Figure 2 shows, from left to right, the reference volume, two corresponding slices in the observed image, and the results of different reconstruction methods. Volume No.20 exhibits minor motion, volume No.65 exhibits strong motion. The motion estimate plots on the right show their respective time points. The figure shows the recovered slices of these two volumes using 3D linear, cubic, SINC, and the proposed 4D LR+TV method, respectively. In the case of excessive complex motion (30\(^{\circ }\) out of the plane combined with in-plane rotation and translation), the 3D interpolation methods cannot recover the whole slice as they utilize information only from the local spatial neighborhoods. The reconstructed slice by the proposed 4D iterative reconstruction approach recovers the image information, is sharper, and preserves more structural detail of the brain. Figure 3 shows a qualitative and quantitative comparison of reconstruction approaches. Figure 3 (a) shows the average volume (top row), and the standard deviation of intensity changes over time (bottom row) for one subject. 4D reconstruction achieves sharper structural detail, and overall reduction of the standard deviation, which is primarily related to motion as described earlier. Although linear interpolation results in signals as smooth as the proposed method, severe blurring is observed in the obtained image by this approach. Figure 3 (b) provides the quantitative evaluation for the entire study population. The proposed method significantly (p < 0.01, paired-sample t-tests for each comparison) outperforms all comparison methods. The average gain of sharpness over the observed image is 2294 in our method compared to 1521 for 3D SINC, 959 for 3D Cubic, and 294 for 3D Linear, and the average reduction of SD relative to the observed image is –17 in our method compared to −9.34 for 3D SINC, −12.70 for 3D Cubic, and −16.50 for 3D Linear. The difference between linear interpolation and our approach did not reach the statistical significance level for SSIM (p = 0.28). In summary, 4D iterative reconstruction reduces standard deviation over time, while increasing sharpness and recovered structure, which the 3D approaches failed to achieve.

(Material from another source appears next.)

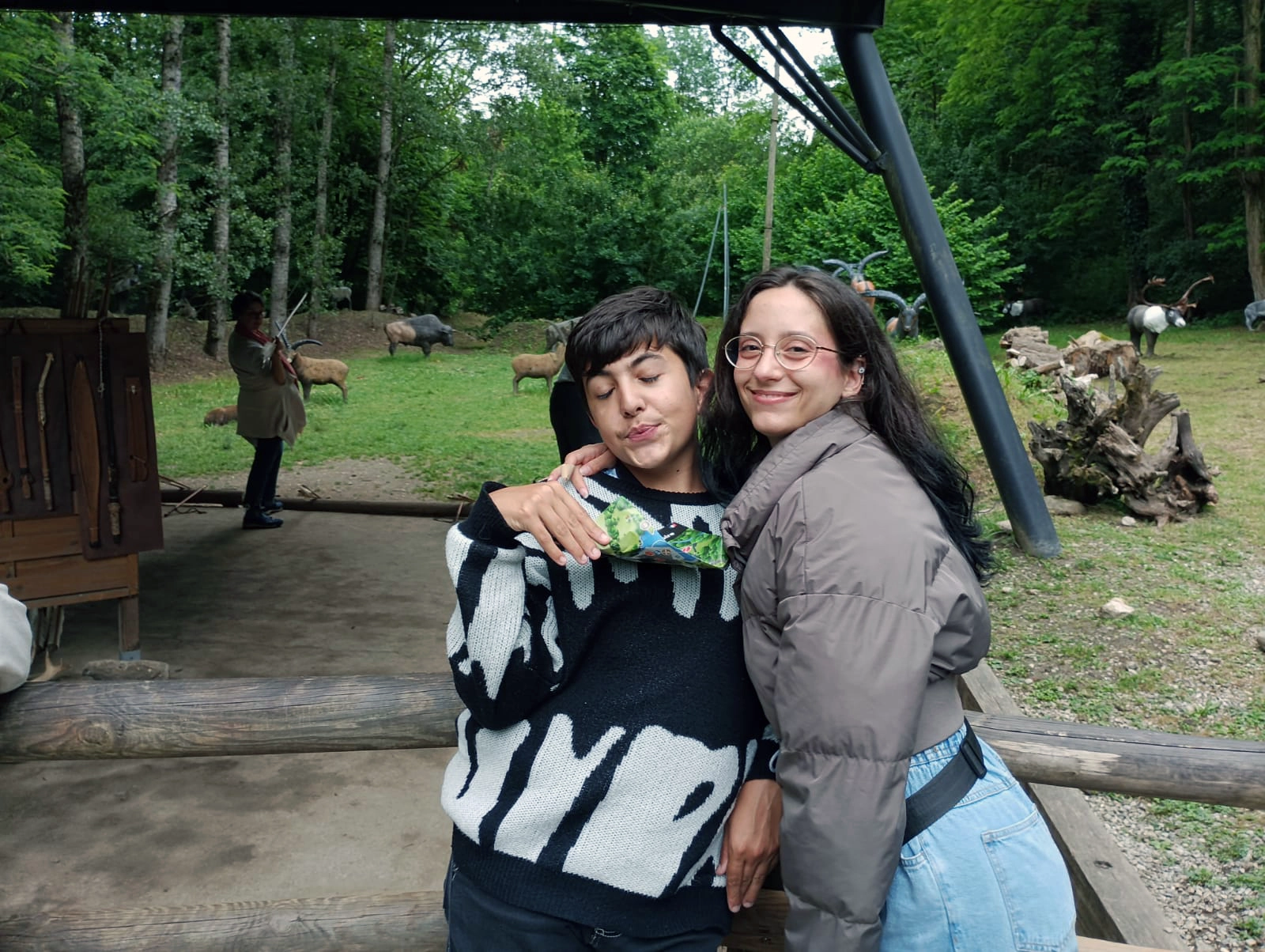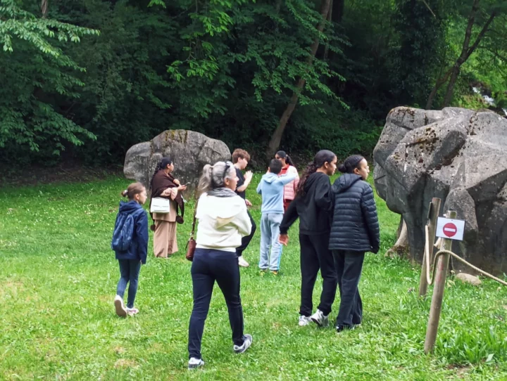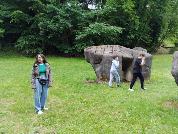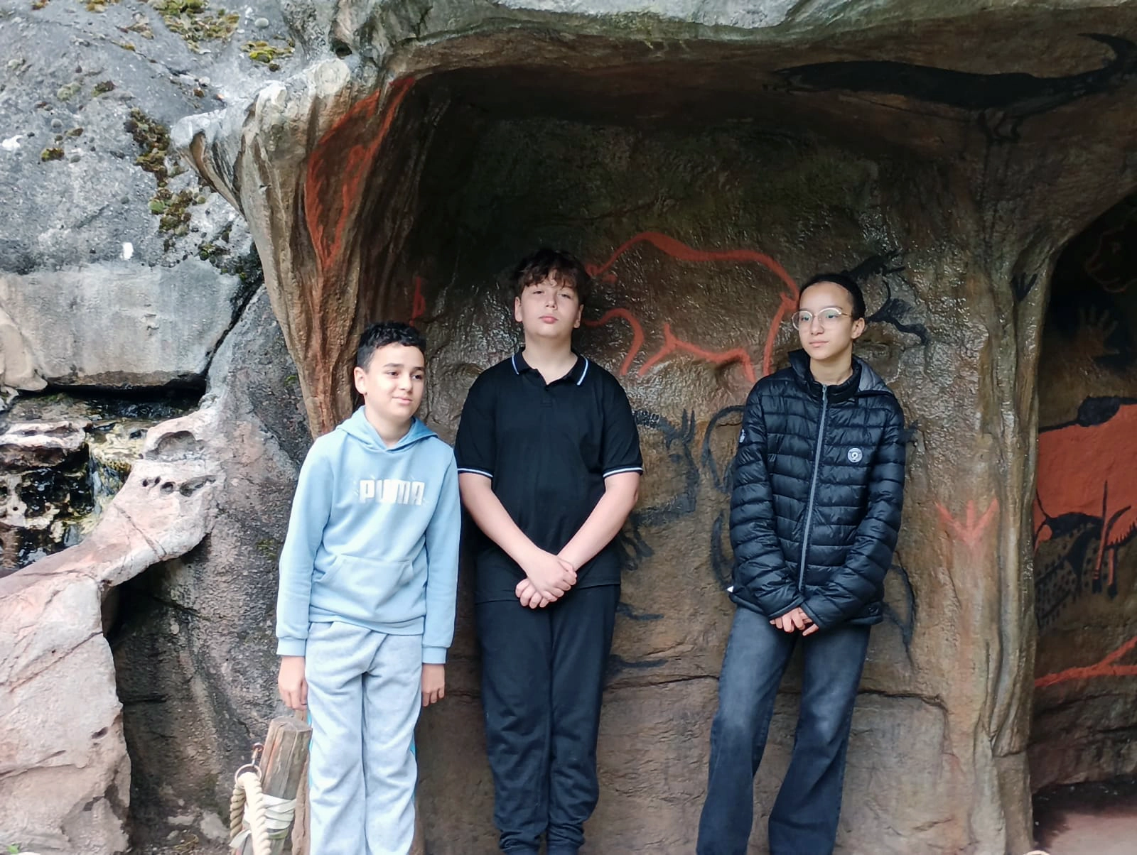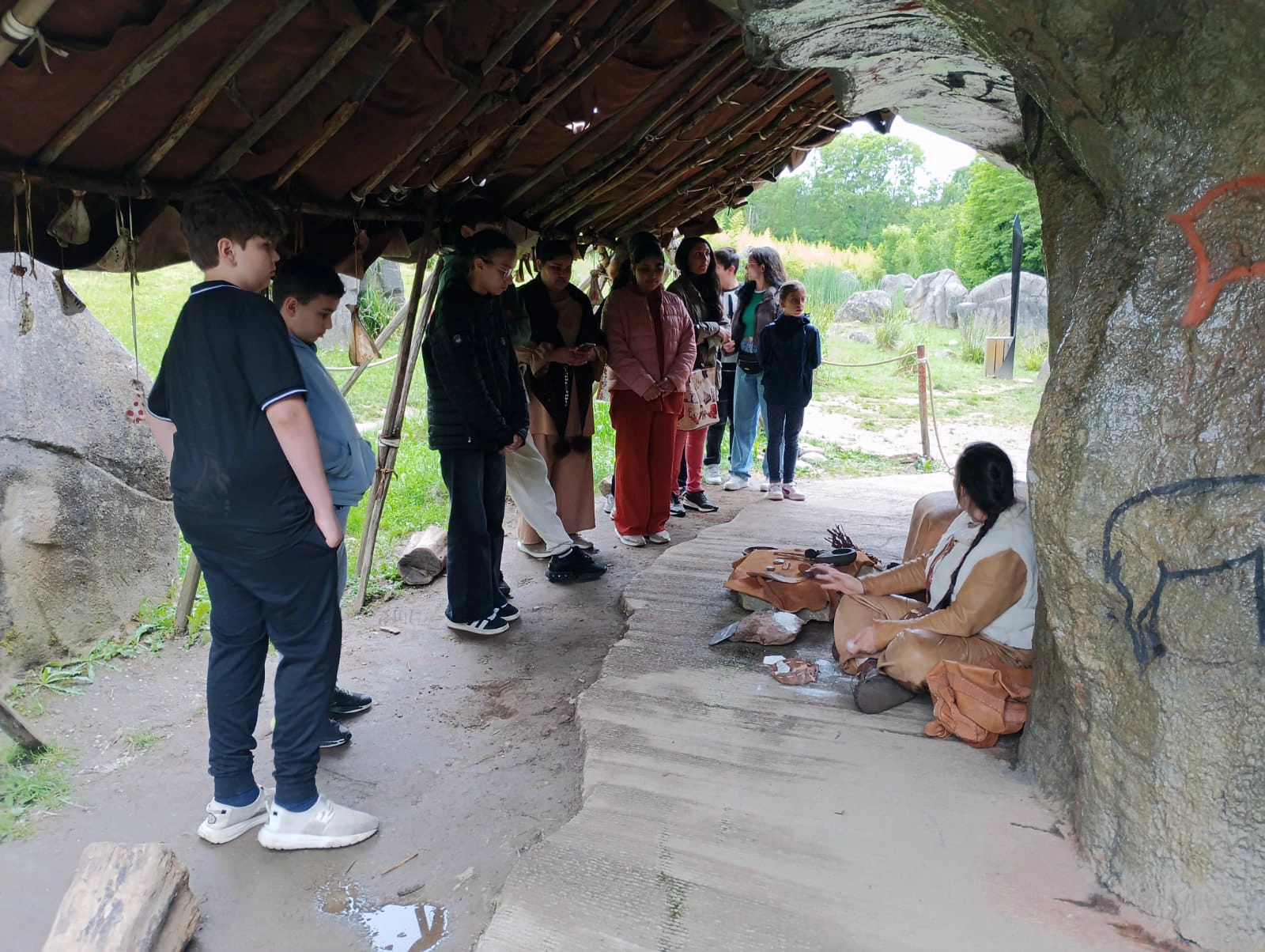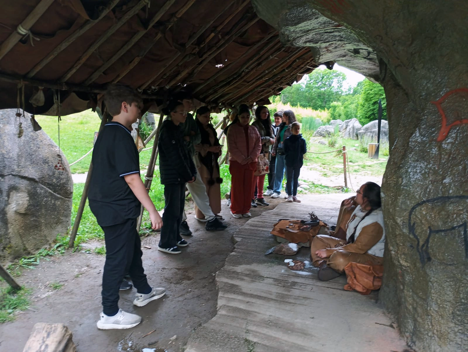 Dès l’arrivée, le décor est planté : des reconstitutions réalistes, des animaux préhistoriques grandeur nature, un site entouré de forêt… de quoi nourrir la curiosité du groupe. L’ambiance est détendue, les jeunes sont à l’écoute et l’équipe aussi. C’est parti pour une exploration des grandes étapes de l’évolution humaine, version ludique et accessible à tous.

3.4 Functional Connectivity Analysis

Figure 4 illustrates the impact of the accurate motion correction and reconstruction for the analysis of functional connectivity (FC) in the fetal population. The details of the pipeline employed for extracting subject-specific FC maps is explained in the supplementary material. When using the time series recovered by our proposed approach for FC analysis, the number of motion-corrupted correlations decreased significantly as visible in the carpet plot of signals, and the associated connectivity matrix.

4 Conclusion

In this work, we presented a novel spatio-temporal iterative 4D reconstruction approach for in-utero fMRI acquired while there is unconstrained motion of the head. The approach utilizes the self-similarity of fMRI data in the temporal domain as 4D low-rank regularisation together with total variation regularization based on spatial coherency of neighboring voxels. Comparative evaluations on 20 fetuses show that this approach yields a 4D signal with low motion induced standard deviation, and recovery of fine structural detail, outperforming various 3D reconstruction approaches.